Certainly, while still subject to abuse – either of the verbal or bandwidth-hogging variety – no wireless operator has yet suffered from the volumes of printable and unprintable protests that Comcast Corp. (Nasdaq: CMCSA, CMCSK) invited upon itself with last year's disastrous decision to block its customers' P2P traffic without even consulting them.

But, as will be highlighted at Light Reading's "Policy Control, DPI & the Mobile Broadband Revolution" conference, collocated with CTIA on April 2, the data traffic hitting the wireless networks of Verizon and many others is causing the net-neutrality debate to shift increasingly toward the mobile arena. Policy and DPI equipment vendors now consistently report that in the medium term they are expecting the largest proportion of shipments to be into wireless networks.

In his election campaign, U.S. President Barack Obama was clear enough in expressing his general inclination toward the net-neutrality model, though he was noticeably non-specific regarding his outlook on wireline networks, let alone wireless networks. As mobile traffic volumes continue to climb, wireless operators in the U.S. are waiting with some anticipation to see how the President's inclinations will affect their options in the policy control and DPI realm. If the apparent force of "Obamamania" around the world continues to sustain itself for more than a few months, it's not out of the question that as America goes in this regard, so will go the rest of the world.

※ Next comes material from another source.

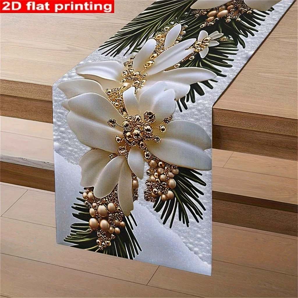 Christmas's Day White Floral Table Runner - Festive Wreath Print, Perfect for Home Decor & New Year Gifts
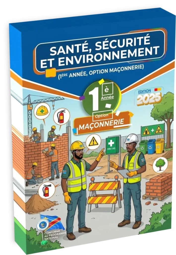 Ce manuel constitue un outil pédagogique fondamental destiné aux formateurs des écoles techniques de la République Démocratique du Congo 🇨🇩. Il vise à structurer l’enseignement de la branche Santé, Sécurité et Environnement selon une approche par compétences, en mettant l’accent sur la compréhension biologique du corps humain au travail. L’enseignant veillera à adapter les concepts anatomiques aux réalités physiques du métier de maçon, en illustrant chaque fonction physiologique par des situations concrètes vécues sur les chantiers, de la pose de briques à Lubumbashi au gâchage du béton à Matadi.

However, wireless operators and equipment vendors are keen to have the debate broadened out beyond the confines of "Yes we can" and "No you can't." At stake are the terms on which the transition to a mass market in low-cost mobile broadband services that support all kinds of real-time multimedia applications will take place. Better visibility is needed into the optimal relationship among price, quantity, and quality as opportunities are created for mobile broadband services to become, not just a personal broadband service, but a primary broadband service. Understanding what role there might be for policy control and DPI in this transformation would be a good start.